7. Hashimoto Nursery
An area once dominated by nurseries now has only three. With roots (ahem) that go back nearly 80 years, this one-acre, family-run business is an anchor. Kumquats, yuzu, and cacti abound, while veggies and herbs come in tantalizing varieties. » 1935 Sawtelle Blvd., 310-473-6232.


8. Black Market
Twice as large as Giant Robot but just as jam-packed, the ultimate gift shop runs the gamut from streetwear-inspired graphic T-shirts to edgy designer labels like Vivienne Westwood. In between are thousands of eye-catching toys, tchotchkes, and even an eclectic art gallery. » 2023 Sawtelle Blvd., 310-966-1555.

 

9. In Residence
The spare boutique showcases chic, creative apparel and jewelry from established names as well as emerging talent. A Corey Lynn Calter dress looks even better with a pair of Fiel ankle boots and an Alice Park leather satchel—all locally designed. » 2051 Sawtelle Blvd., 310-312-2049.


10. Gottsui
Dig into the house specialty: egg, cabbage, and yam pancakes known as okonomiyaki. Heaped with shrimp, squid, pork belly, fried mochi, and other options, this isn’t just ideal drunk food, it’s modern gastronomic fusion at its sloppy best. » 2119 Sawtelle Blvd., 310-478-0521.

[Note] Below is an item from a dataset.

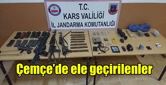 (1) adet M-16 piyade tüfeği, (2) adet AK-47 Kalaşnikof piyade tüfeği, (1) adet savunma tipi el bombası, (209) adet 5,56 mm fişek, (8) adet kütüklük, (8) adet şarjör, (1) adet termal dürbün, (1) adet Yaesu marka büyük telsiz, (1) adet Sony marka video kamera, (32) adet pil, (24) adet pil bloğu, (450) metre kablo, (1) adet kablo irtibatlı batarya bloğu, (50) Kg el yapımı patlayıcı karışımı, (2) adet hazırlanmış EYP tuzağı, bol miktarda EYP hazırlama malzemesi, (2) adet dolu küçük tüp, (5) çift Mekap ayakkabı, (1) adet şemsiye ile çok miktarda yaşam malzemesi ele geçirildi.
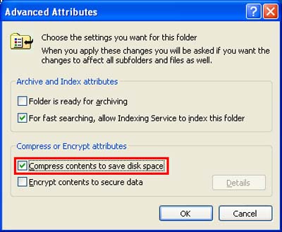 Để sử dụng chức năng này bạn vào My Computer / Computer, chuột phải vào thư mục bạn muốn nén dữ liệu rồi chọn Properties sau đó nhấn nút Advanced để hiển thị cửa sổ trên.

Why I Love It Here by Yotaro “Joe” Hashimoto Co-owner, Hashimoto Nursery

I am 68. I am here every day at 6:30 a.m., except on Sundays, when I come in at 7:30. The nursery was opened in 1927 by my father, Shichiro, and his three brothers. Before World War II, Masahiko, the oldest brother, adopted my father and they went to live in Japan, where I was born. My two uncles, Juro and Suehiko, went to the concentration camp at Manzanar. Workers kept the nursery open during the war—I don’t know how. I came here in 1959 when I was 15. I studied art at L.A. City College, and I was a barber for five years. After I turned 30, I started working here. I run the place with my two sisters, Nanayo and Chimie, and my son helps me with the books. I still live in this neighborhood.